Разговор оказался коротким, поскольку Ройбен действительно не мог вспомнить «чего-то нового» по поводу той ужасной ночи. На самом деле сотрудники лишь хотели выложить кому-то свое возмущение тем, что люди не понимают до конца, что за существо этот Человек-волк, и пора поймать этого маньяка, пока он не растерзал невинного.
Спустя пять минут после их ухода Ройбен снова был вынужден прерваться. Ему позвонил Стюарт, на мобильный.
— Вы знаете, кто я такой, — раздался бодрый голос. — Ну, это, я просто только что говорил по телефону с Билли Кейл, вашим редактором, а еще я читал вашу статью, интервью с той женщиной, первой повстречавшей Человека-волка. Я хочу поговорить с вами. Если вас это хоть как-то интересует, пожалуйста, приезжайте в Санта-Розу. Они меня пока не выпускают. И знаете что, если вы решите с этим не связываться, о'кей, но мне надо знать это сейчас, поскольку, если вы не согласны, я позвоню кому-нибудь еще, хорошо? Так да или нет, как думаете? Иначе я звоню вашему редактору, она сказала, что это маловероятно…
— Стой. Скажи мне просто, где ты находишься, точно. Я выезжаю.
— О, боже мой, я-то думал, что наговариваю в автоответчик. Это вы? Круто. Я в больнице Святого Марка, в Санта-Розе. Поторопитесь, а то они грозят дать мне снотворное.
К тому времени, когда Ройбен приехал, у Стюарта начался жар, и Ройбену не позволили увидеться с ним. Ройбен решил подождать, сколько угодно, хоть пару часов, хоть пару дней. Наконец, в два часа дня его пустили к парню. К этому времени Ройбен уже дважды написал Грейс, настаивая, чтобы она поскорее связалась с врачами в Санта-Розе и «поделилась» с ними распорядком процедур, которые она проводила с ним, на случай, если ребенок был укушен или поцарапан.
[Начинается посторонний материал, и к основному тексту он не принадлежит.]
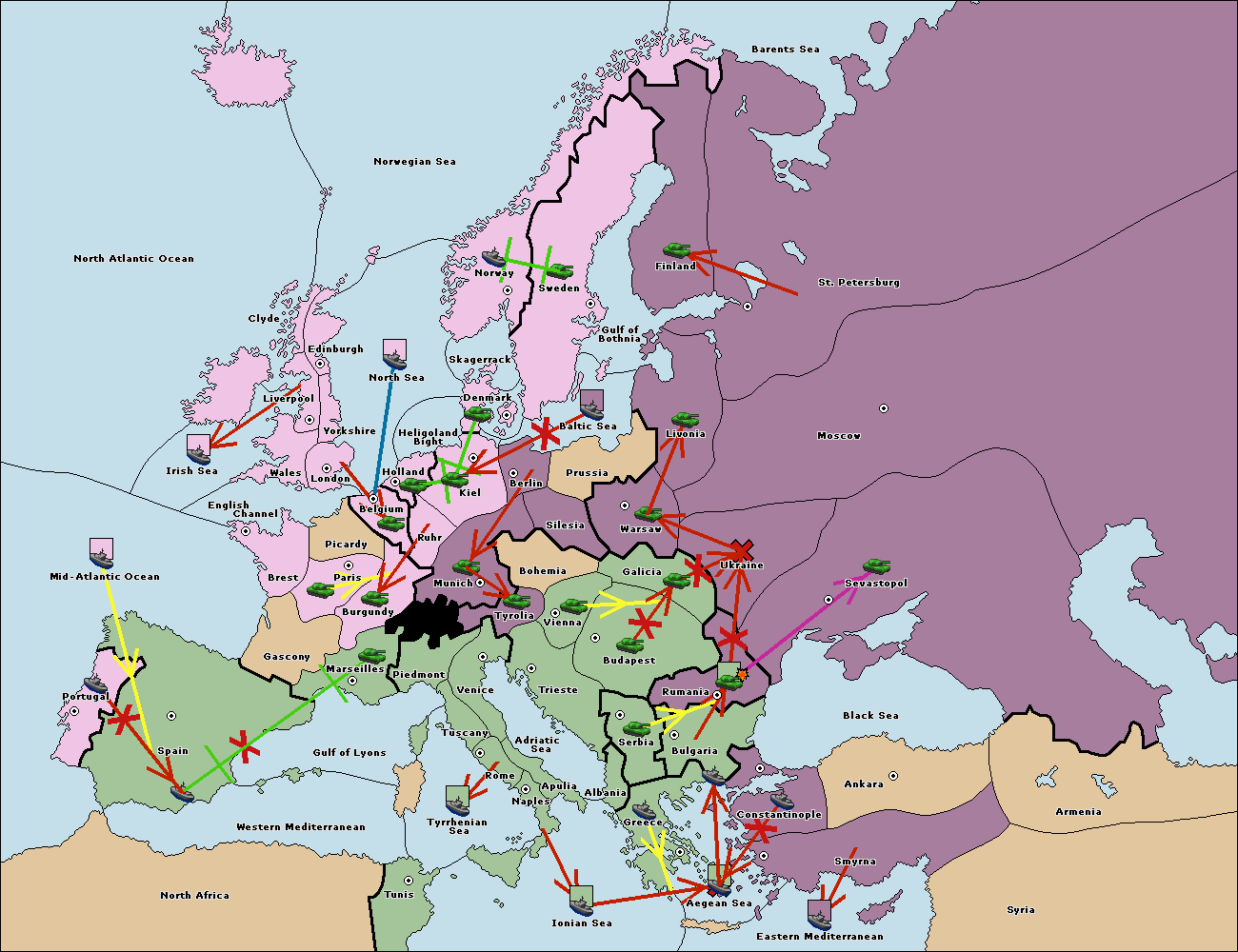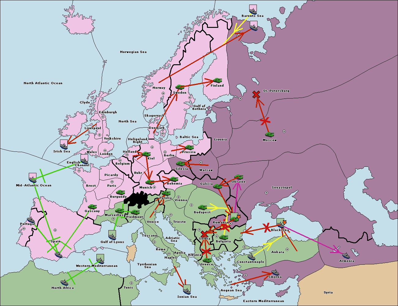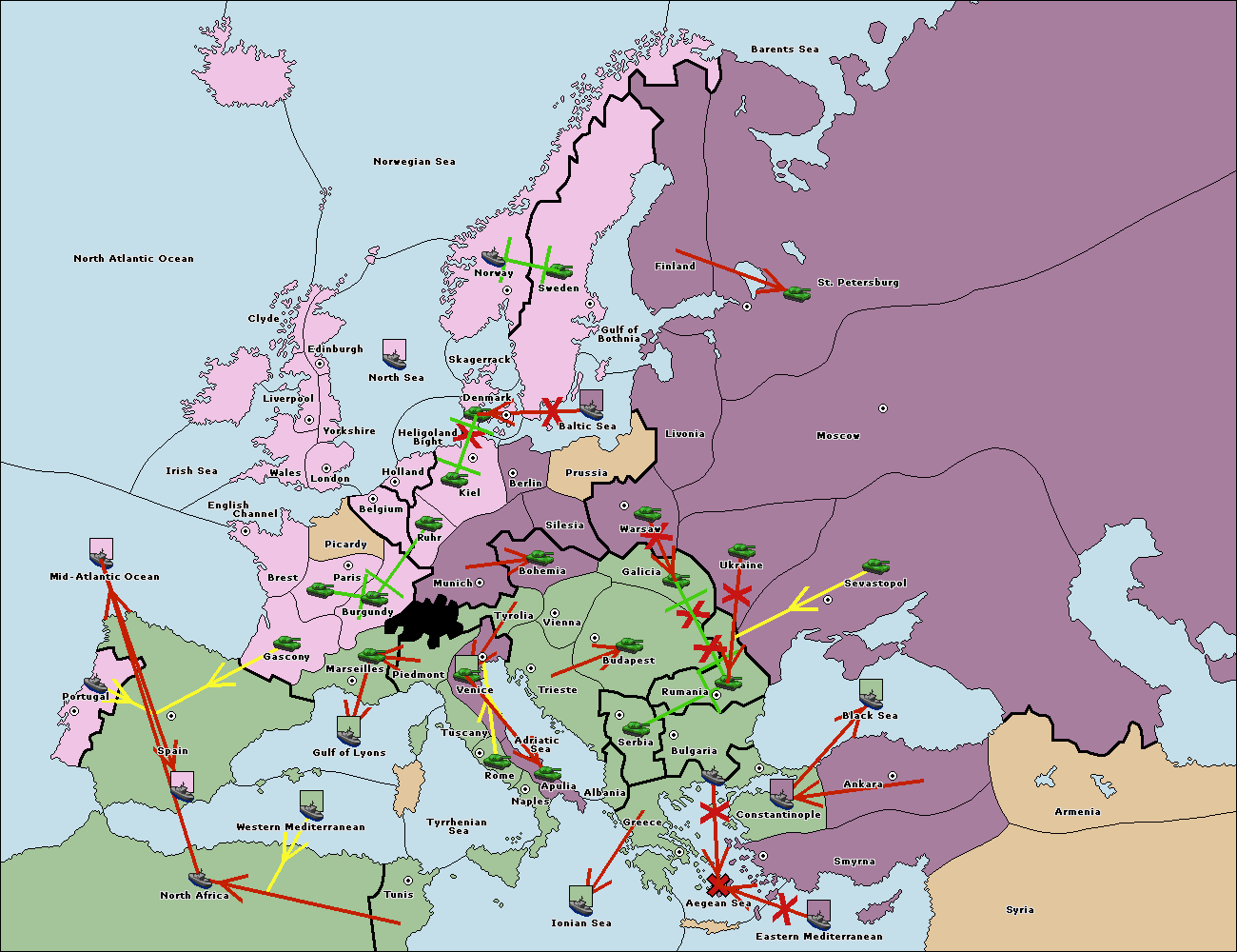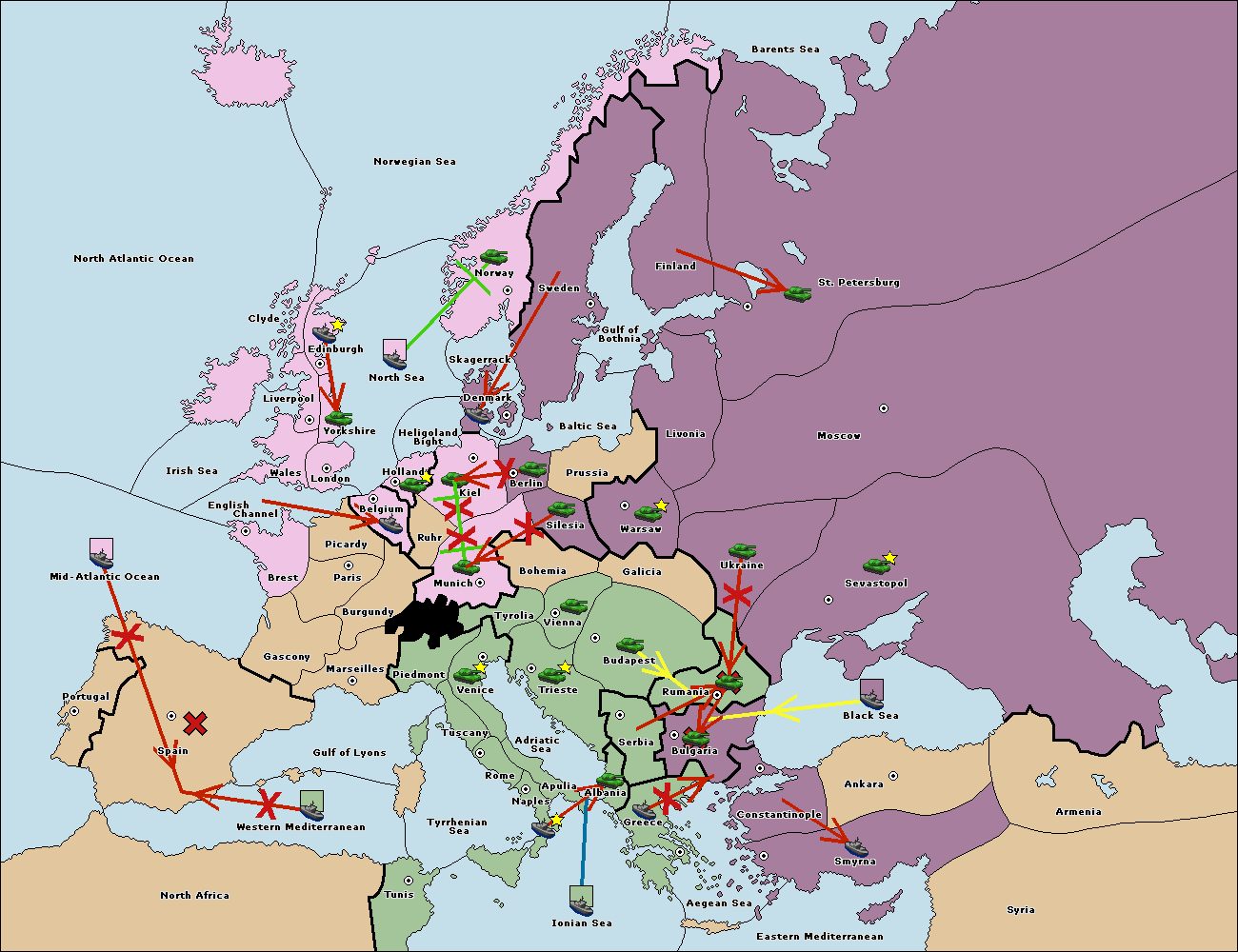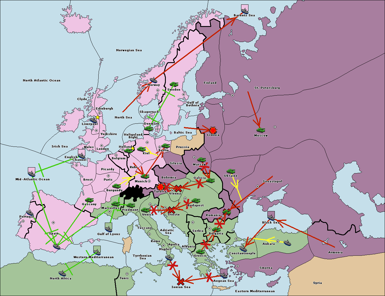 The fleet at Greece move to Bulgaria (South Coast).

Грейс не решалась на такое. «Никто не сообщал ничего насчет того, что ребенок был укушен», — ответила она.
Но ребенок был укушен.
Когда Ройбен вошел, Стюарт сидел, привалившись к куче подушек, и у него в венах торчали два катетера, присоединенные к капельницам. У него на лице и левой руке были повязки, но он «чудесным образом» быстро шел на поправку. Пил шоколадный молочный коктейль, ухмыляясь. Веснушки и большие глаза, в которых читалось веселье, сразу заставили Ройбена вспомнить Тома Сойера и Гека Финна.
— Меня укусили! — сказал Стюарт, выставляя вперед забинтованную руку, с которой свисали трубки капельниц. — Я превращусь в вервольфа.
И он расхохотался, не в силах сдержаться.
«Обезболивающие», — подумал Ройбен.
Мать Стюарта, Баффи Лонгстрит, ослепительная крашеная блондинка, с такими же веснушками по щекам, как у сына, и миниатюрным носом, слегка вздернутым стараниями пластического хирурга, сидела в углу, сложив руки на груди и глядя на сына со смесью удивления и ужаса.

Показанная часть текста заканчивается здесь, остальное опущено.